Start With the Box You Already Have
Every team I have worked on, at every company and every size, has had some version of the same small group at its center. Three people, give or take, who together decide and make the thing: someone who owns the problem and the what, someone who owns the how it is built, someone who owns the how it is experienced. The names change, product and engineering and design at one company, product and engineering and architecture at another, but the shape is so common that people stopped seeing it as a choice and started treating it as the definition of a team. Call it the box, the three-in-a-box, because that is what most of the industry calls it and because nearly everyone reading this has sat in one. It is the unit of execution that a generation of software was built by, and the reason to start a part about staffing the agentic team there is that it is the model already in your head, and the honest way to describe what the agentic product needs is not to replace that model but to show you where it has to grow.
The word grow needs one guard against a misreading, because the previous parts of this book have argued hard that an agentic product needs roles the box never had, the architect who enforces the boundary, the eval owner who keeps the checkmark honest, the supervisor who watches the running agent. It would be easy to read that as a call to blow up the box and draw a new org chart with eight or ten seats. That is the wrong reading. The box is not wrong. It is the right starting point at any size, because it encodes something true, that a small number of people holding the decision, the build, and the experience, in tight collaboration, is how things get made. What the agentic product does is not invalidate the box. It loads work onto the box that the three seats cannot all hold, and the question this part answers is which new seats the box grows, in what order, at what scale, and the answer starts from the box rather than from a list of titles.
The box was always growing
The first thing to notice, and the thing that makes the growth feel natural rather than disruptive, is that the box has been growing the whole time. It was not always three. Earlier it was two, a product lead and an engineering lead splitting the what and the how, the pattern people called two-in-a-box.
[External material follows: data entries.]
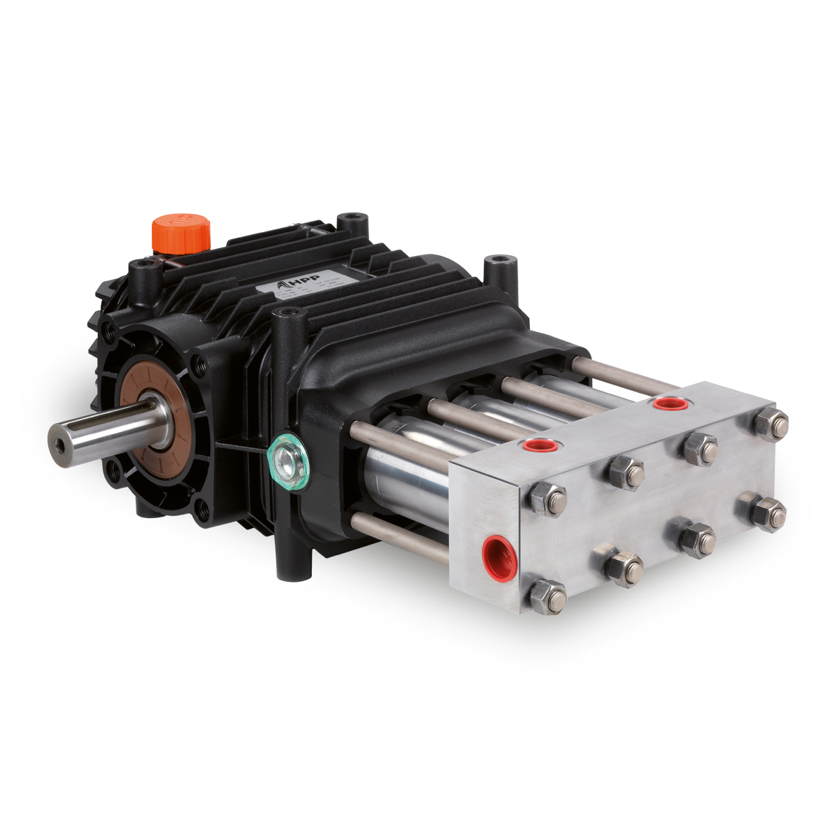 Насос высокого давления HPP серии CL. Корпус насоса выполнен из алюминиевого сплава с головкой из нержавеющей стали и керамическими плунжерами. Симметричный картер насоса позволяет легко переставить привод насоса слева на право или наоборот. Вал и шатуны из высокопрочной стали для большей надежности. Клапаны всасывания выполнены из нержавеющей стали.
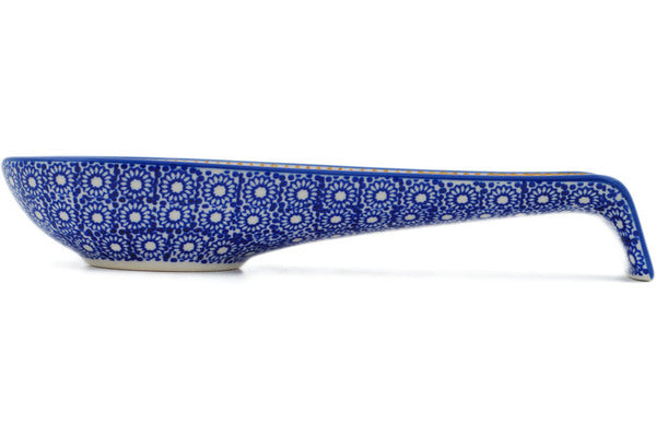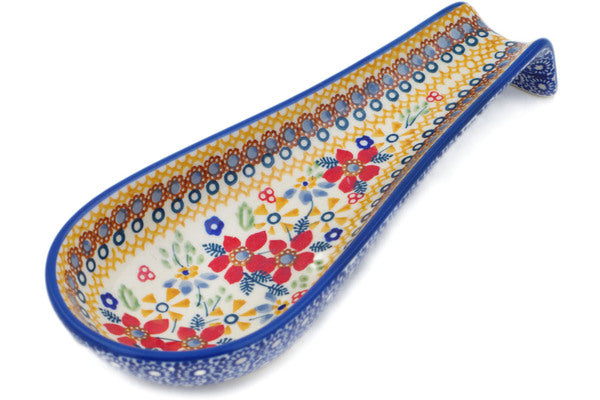 This Polish Pottery Spoon Rest is handmade and handpainted by the Manufaktura factory in Boleslawiec, Poland. Manufacturer item number H0361O. It is 1½" high and measures 9½" by 3½". The capacity of this Spoon Rest is 5.27 oz (brimful) and it weighs 0.8 lbs. It is part of the Summer Bouquet Collection.
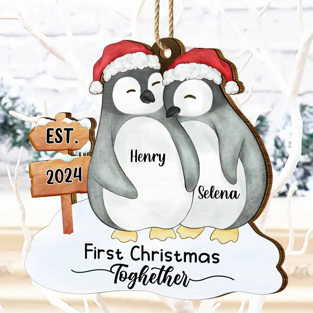 First Christmas Married Penguin Couple - Personalized Custom Shaped Wooden Ornament
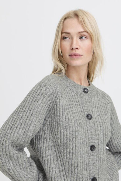 B-Young strik cardigan i grå og med fine knapper. En lækker blød kvalitet.
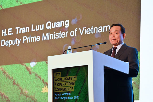 ハノイで開幕したIATAの第1回WSOCに登壇するチャン・ルー・クアン副首相=23年9月19日 PHOTO: Tadayuki YOSHIKAWA/Aviation Wire
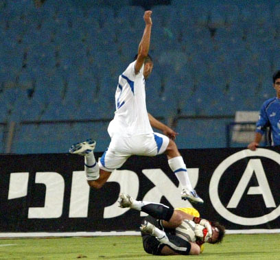 עומר גולן מאבד שיווי משקל במהלך המשחק (צילום: אלי אלגרט)
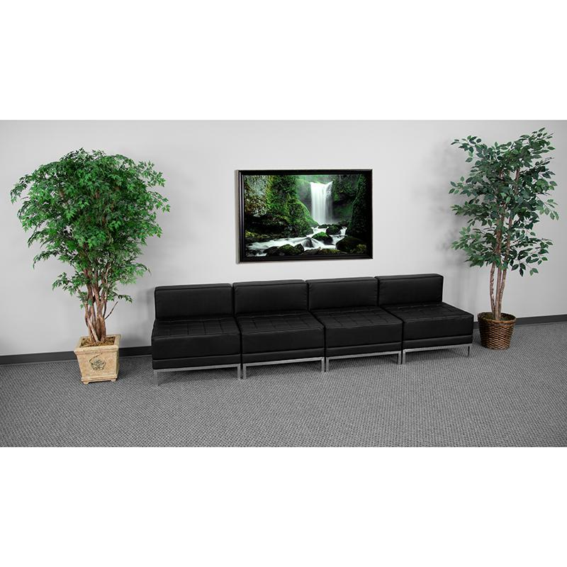 Contemporary Reception Set Add on pieces as your business grows Modular components make reconfiguring easy with endless possibilities Features: Black LeatherSoft Upholstery Smooth Back and Tufted Seat Fixed Back and Seat Cushions Foam Filled Cushions CA117 Fire Retardant Foam Exposed Accent Bar
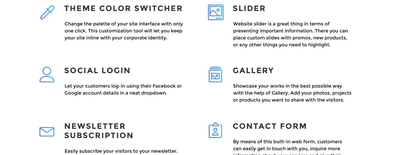 Parallax scrolling effect offers your viewers an illusion of depth in 2D spaces of your website. It makes your resource more vivid and unique. Parallax is good for spicing up a single-page site, livening up infographics, or even exhibiting a portfolio.
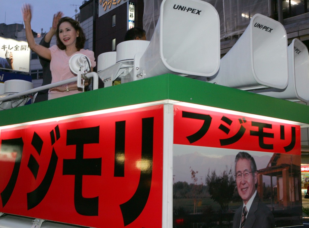 ▲2007年,黛薇夫人在東京為秘魯前總統藤森參選日本參議員拉票。 美聯社
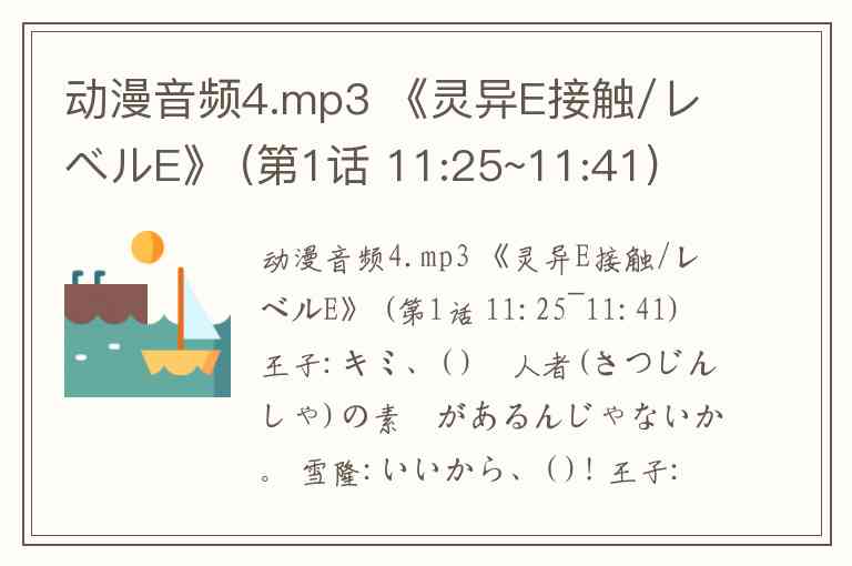 看起来你提供的是《灵异E接触/レベルE》这部动漫中第1话的一个片段。根据这个音频的对话,似乎是王子与雪隆之间的互动。根据你给出的空白部分,这里是一些可能的对话填空:
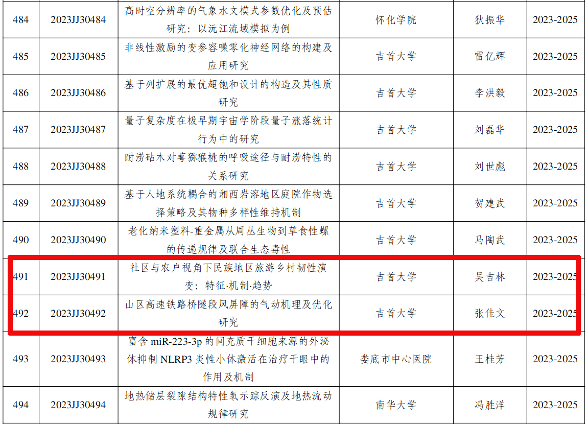 近日,湖南省自然科学基金委员会发布《2023年度湖南省自然科学基金项目实施目标、实施时间及立项名单》,我院吴吉林教授申报的“社区与农户视角下民族地区旅游乡村韧性演变:特征·机制·趋势”,张佳文博士申报的“山区高速铁路桥隧段风屏障的气动机理及优化研究”获批立项。
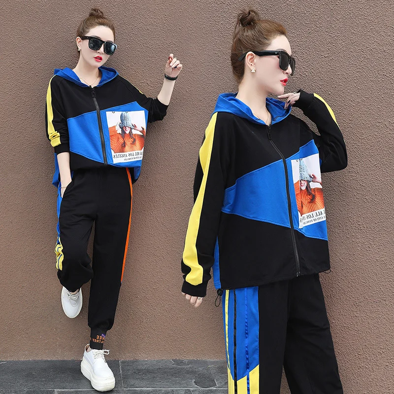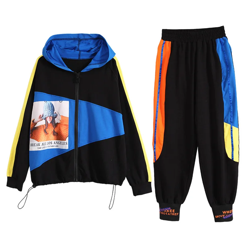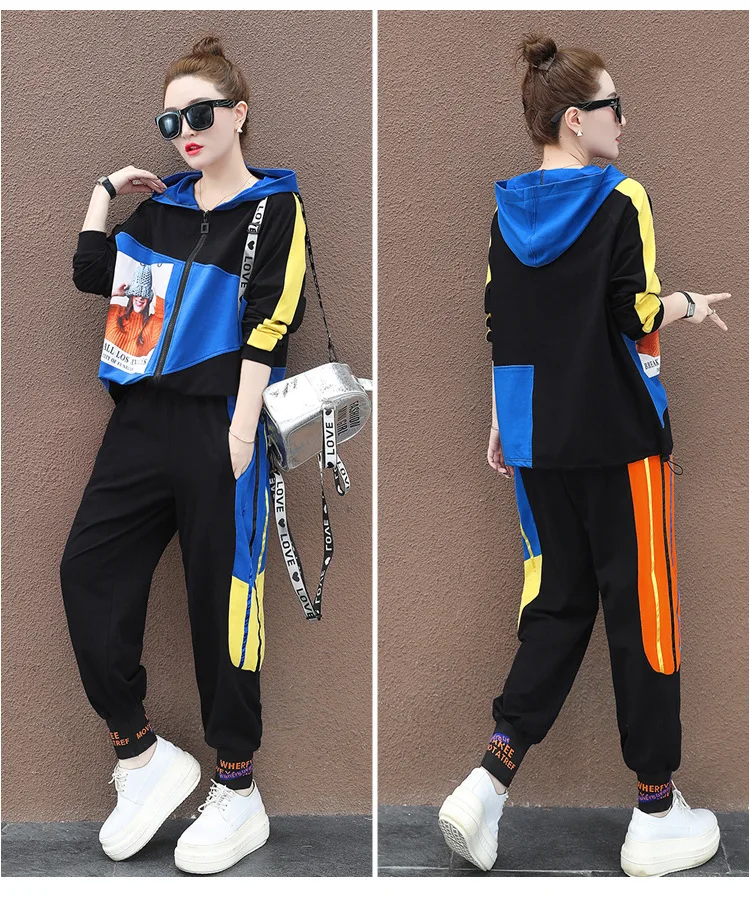 Product Name: フード付きツーピースセット女性スーツ韓国の女性トラックスーツsweatsuitsスポーツウェアトレーナーカラーブロックパーカー衣装2個
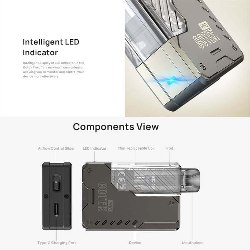 The Aspire Gotek Pro Pod Kit is a sleek, compact, and highly portable MTL (Mouth To Lung) vaping device designed for vapers who prioritize convenience and performance. The Gotek Pro sports an elegant design and pocket-friendly size, making it an ideal companion for vapers who are always on the move.

Design earned a seat and it became three, because as products became things people experienced rather than merely used, the experience needed an owner at the table and not a service called in at the end. At some companies a fourth seat was added, a business owner, or a data owner, or an architect, because the work demanded a kind of judgment the existing three could not supply. The box has a history, and the history is a sequence of the same move: the work changed, a kind of judgment became load-bearing that used to be occasional, and the box added a seat to hold it. Nobody experienced those additions as the destruction of the team. They experienced them as the team maturing.
So the agentic shift is not the first time the box has had to grow, and framing it as the next instance of an old and successful move is both more accurate and more useful than framing it as a revolution. The agentic product changed the work, the way every prior expansion was triggered by the work changing. It made a kind of judgment load-bearing that used to be occasional, several kinds, in fact, and the box has to add seats to hold them, the same way it added design and then business. The difference, and it is a real difference this part will get to, is that the agentic shift does not ask for one more seat. It asks for several, and they cluster in a part of the work the box never had to staff at all, the supervision of a thing that acts on its own. But the move is the familiar one. You are not throwing away the box. You are doing to it what every successful team has done to it before, growing it to fit the work, and the only thing new is how much it has to grow and where.
Growth is not status, it is work
There is a reason to insist on the box-grows framing beyond its accuracy. The previous part named the conversation that keeps the supervision column empty, the contest over who is central, and the grid is the antidote because it grounds every seat in work rather than rank. Staff from the work and a new seat lands as relief, someone finally owns the thing that was falling through; staff from the org chart and the same seat lands as threat.
What the rest of this part does
So the structure of the answer is set, and it is worth laying out plainly before the chapters that fill it in. The grid from the previous part, the cells of work across the two channels, is the map of what has to be owned. The box, the three-in-a-box you already run, is where the ownership starts. And staffing the agentic team is the act of growing the box to cover the grid, which means deciding, for a team of your size, which cells the existing three seats can still hold and which cells need a new seat, a new hat, a new owner, because the work in them has become too much or too different for the box as it stands.
The chapters ahead do that in two moves. The first is the team member the box did not know it added, the agent itself, which turns out to be staff and not software, and which lands hardest on the one seat in the box already living the supervisory life this whole book has been describing. The second is the staffing itself, how the grid gets covered at a startup of five and an enterprise of five hundred, which seats merge and which must separate, and which of the new owners the agentic product needs are roles the industry has not yet named or learned to pay for. Through all of it the box stays the unit, because the box is what teams have and what teams understand, and the agentic team is not a replacement for it. It is the box, grown to fit a kind of product the box was never asked to make before, and the growing is the work of this part.